Stoke back in European competition were handed a tough tie against Dutch giants Ajax. After a 1–1 draw at home Stoke dominated the second leg in Amsterdam but failed to find the back of the net and were knocked out on the away goals rule. In the league Stoke continued from where they left off the previous season in good form and for the first time since the 1946–47 season they were in the race for the First Division title. However, so were a number of other clubs, and with three matches left Stoke were third and on course for their best ever finish, but they took just a point in those games and finished in 5th position. There was a double blow for Stoke as they missed out on a UEFA Cup place after West Ham United won the FA Cup.

Season review

League
Before the start of the 1974–75 season Stoke signed Sheffield United forward Geoff Salmons and lined up for the opening match a 3–0 win over Leeds United.

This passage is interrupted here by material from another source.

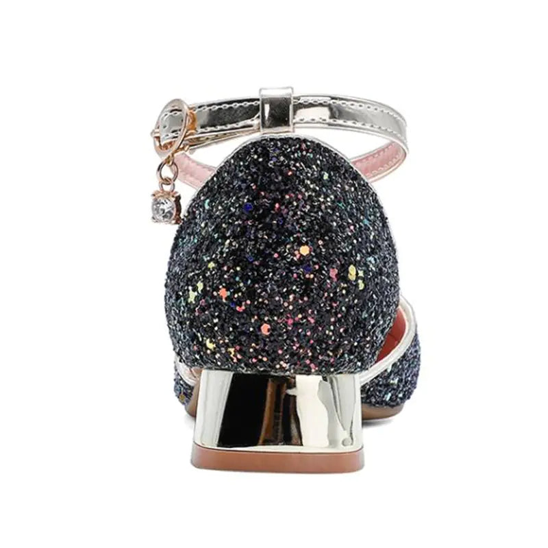 Step into elegance with our stunning Girls Black Leather Shoes Crystal Princess Shoes. Perfectly designed for little fashionistas, these children's high heels are not just shoes; they are a statement of style and grace. Crafted from high-quality artificial PU for the upper and durable rubber for the sole, these shoes offer both comfort and longevity, making them ideal for any occasion.
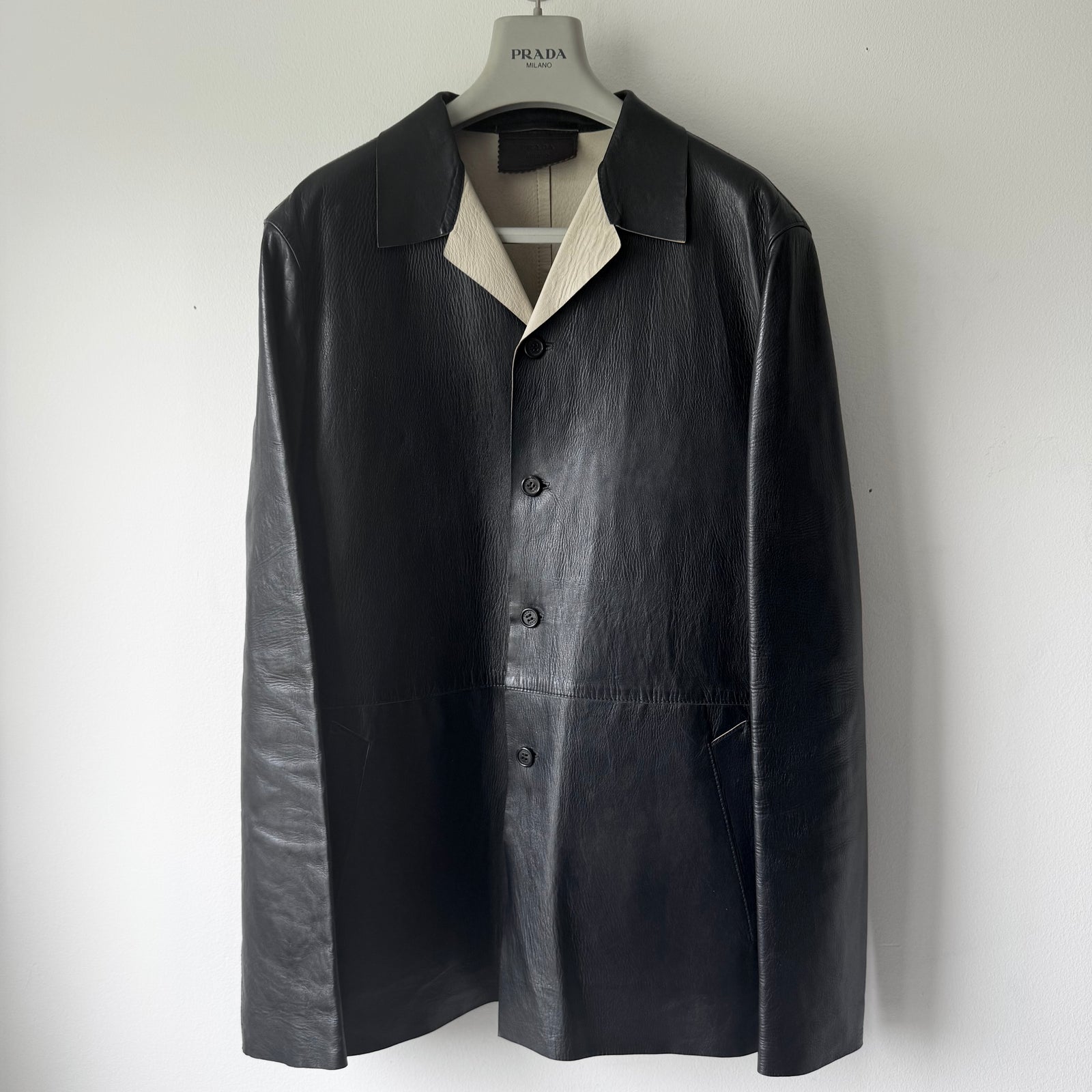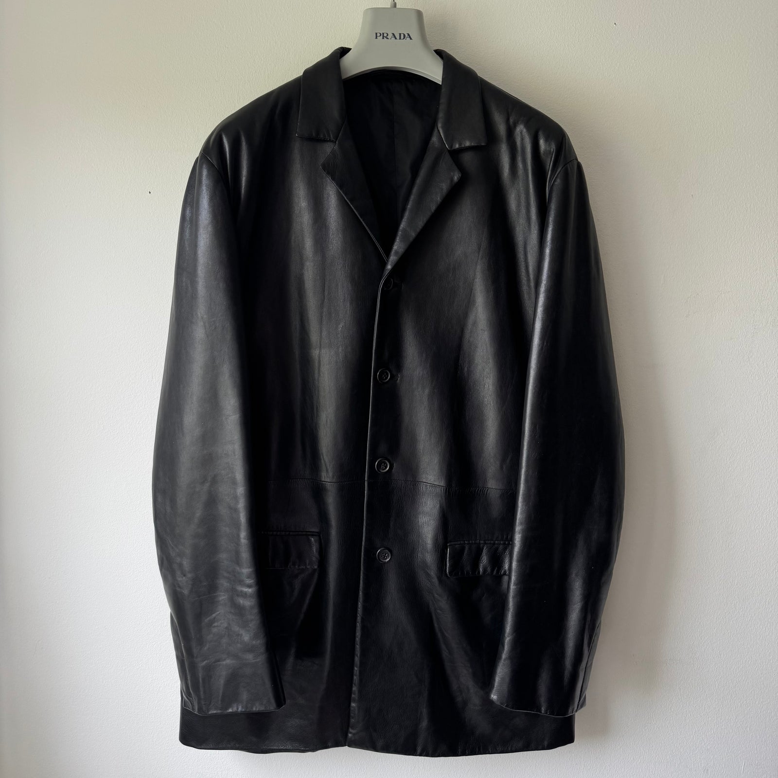 Prada FW1998 Black Lamb Leather Button-Up Overcoat Jacket

Despite exiting Europe Stoke's form in the First Division remained good, but Tony Waddington was worried to a certain extent about his last line of defence and in November he surprisingly decided to break the club transfer record with the signing of Peter Shilton for £325,000 which at the time was also a world record transfer for a goalkeeper. Within ten days of Shilton's arrival Stoke sat at the top of the table after beating his old club Leicester City 1–0.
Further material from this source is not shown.